Wednesday, July 11, 2018

Through the Wheat: A Novel, by Thomas Boyd


In Through the Wheat: A Novel, by Thomas Boyd (1923) William Hicks enrolls in the army for an adventure on the western front in France.  The novel begins as what one might describe as a typical wartime platoon story: the platoon is populated with men from various parts of America.  The commanding office is a former English professor from Texas.  Hicks becomes good friends with a braggart of a Mississippi boy named Pugh.  They have names and backgrounds and personalities.  At first there is mainly a lot of inaction, waiting, which upsets the soldiers, who have come to France to fight the Germans.  As the story progresses from one battle to the next, the names and personalities fall away, either because solders are killed or wounded or because in the end the brutality of the battles makes men forget who they are and who their fellow soldiers are.  In the end, at least for Hicks, they stop caring about whether they are living or dead.

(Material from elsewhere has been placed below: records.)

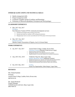 This document is a resume for Sebiotimo Rasheed Ayobami, seeking an entry-level position. It summarizes his educational and professional background. He has a B.Tech in Biochemistry from Federal University of Technology, Akure and training in quality assurance and quality control. His work experience includes teaching chemistry, working as a quality operations officer for a pharmaceutical company, and a cashier role. He has leadership experience as president of a peer educator group and general secretary of a Muslim association. His skills include analytical ability, problem solving, communication, and quality management.
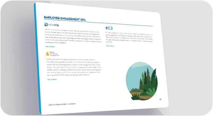 employee engagement ISVS SalesTrip is an expense management and travel booking system on Salesforce. Do HR, talent, engagement, performance, people analytics, and payroll are high on the your employees waste time switching between Salesforce, travel booking sites and business agenda and, for Salesforce customers, XCD offers the only single solution. your expense system just to visit customers? SalesTrip combines this. As a business, With three-quarters of UK organisations predicted to increase their HR tech budget does it take days to reconcile these employee travel costs against specific customers, this year, the market potential is huge. So if they say HR, payroll or people software, projects and sales opportunities? SalesTrip automates this. Better manage and justify think XCD. expense spend with SalesTrip. Learn More > Learn More > Bullhorn Workforce Management powers the world’s dynamic workforce. The world’s leading employers transform their business operations by relying on Bullhorn Workforce Management to streamline the management of their hourly workers. Our cloud-based software enables management to save valuable time in scheduling shifts, managing compliance, monitoring staff, and processing payroll, while increasing gross profit for temporary staffing agencies struggling with the evolving demands of the rapidly emerging dynamic workforce. Learn More > EMEA ISV Industry Booklet — Automotive 20
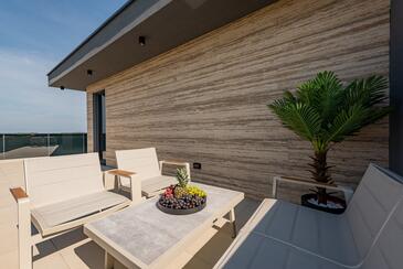 Casa può accogliere 10 ospiti. I letti sono disposti nelle camere da letto che sono 5, su 182m2. Gli ospiti hanno a disposizione il proprio terrazzo per godere nelle calde serate estive. Dalla casa si gode di una vista sul mare. Per il piacere totale e il relax c'è il barbecue privato solo per gli ospiti di quest'alloggio. Durante il soggiorno gli ospiti si possono rilassare nella piscina privata.
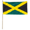 Our 12x18 inch Jamaica Mounted Flags are made of a high quality silk-like 100% polyester and printed in bright bold colors. They feature a hemmed sleeve which is attached to a 24" x 1/4" wooden stick with a spear tip. Each flag is individually sewn around the edges. These are perfect for decorating or for waving in a parade to show your national pride.
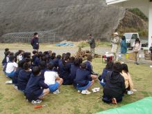 ![]() 林業や椎茸の話に子どもたちは 熱心に聞き入っていました |
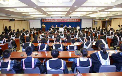5月28日上午十点,北师大2013届HND毕业生典礼在京师大厦隆重拉开序幕,此次典礼由北师大继续教育与教师培训学院副院长曾文艺主持,到场的领导有北师大继教院院长包华影,副院长韩冰、黄文峰,副书记张林、HND中心主任卓举纲等学院领导,另外,HND中心的各位老师及部分毕业生家长也前来参加了这次隆重的毕业典礼。
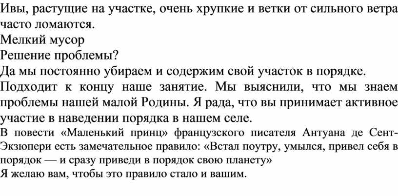 Подходит к концу наше занятие. Мы выяснили, что мы знаем проблемы нашей малой Родины. Я рада, что вы принимает активное участие в наведении порядка в нашем селе.

This novel doesn’t have great pretensions.  It’s not sentimental.  It doesn’t claim to be about more that its one subject: war, the first world war, and the terrific battles in France. It focuses tightly on Hicks and his experiences.  Its descriptions of battle are vivid and intense, but the language is not lush.  It’s spare and precise and provides a specific sense of geographical place even for readers who don’t know where the place is.  Hicks, who seems likable enough in the beginning, gradually descends to a state of near madness.  Even his comrades in battle recognize his madness.  Several scenes describing gas attacks make clear how terrible such attacks were.

Boyd gives only basic information about the war.  We learn about the battles the soldiers engage in from road signs or overheard comments from fellow soldiers or officers.  He gives us no sense of battle strategy, of the goals of the war.  He simply tells the story from the level of the men in the trenches—the chaos and disorder, the uncertainty, the bombardment of the allied soldiers, the machine gun fire, the unexpected bullets that come out of nowhere, the forfeiture of individual will to the commands that send them into battle. 

The title comes from the wheat fields through which Hicks and his platoon move towards the German front line. This is one of the best novels about war and battles I’ve encountered.